Généraliser le numéro d’enregistrement des biens auprès des mairies, y compris les SCI (Société Civile Immobilière) et le changement d’usage est généralisé à toutes les communes et pas seulement aux communes en zone tendue.
Consolidation des mesures de quota, de servitude et de compensation. Ainsi une commune avec plus de 20% de résidences secondaires peut mettre en place des zones à usage exclusif de résidences principales.
Enfin, la durée maximale de location d’une résidence principale passerait de 120 jours aujourd’hui à 90.
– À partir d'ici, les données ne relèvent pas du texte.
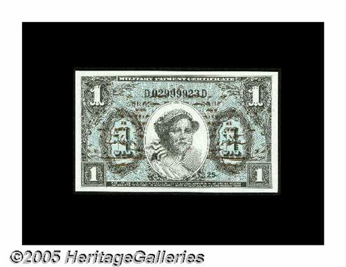 <B>Series 691 $1 Gem New.</B></I>The centering is micrometer perfect and there is deep punch through displayed by the serial numbers of this note which is every bit as fresh as the day it was printed. This Vietnam-era series was never officially issued.

New-York a pris de l’avance sur l’Europe
Depuis le 5 septembre, la ville de New York aux Etats-Unis, parmi les plus visitée au monde après Paris, a considérablement durci les conditions de location de courte durée pour les propriétaires. La mairie s’est aussi attaquée de manière drastique aux plateformes d’annonces. À Manhattan, les propriétaires comme les plate-formes s’exposent maintenant à de lourdes amendes.
Virginie Valadas
°France urbaine est l’association de référence des métropoles, communautés urbaines, communautés d’agglomération et grandes villes. C’est une association de collectivités qui incarne la diversité urbaine et promeut l’alliance des territoires.
°Oxfam : Depuis 1988, l’association Oxfam France (anciennement Agir ici) mobilise le pouvoir citoyen pour lutter contre les inégalités et abolir la pauvreté.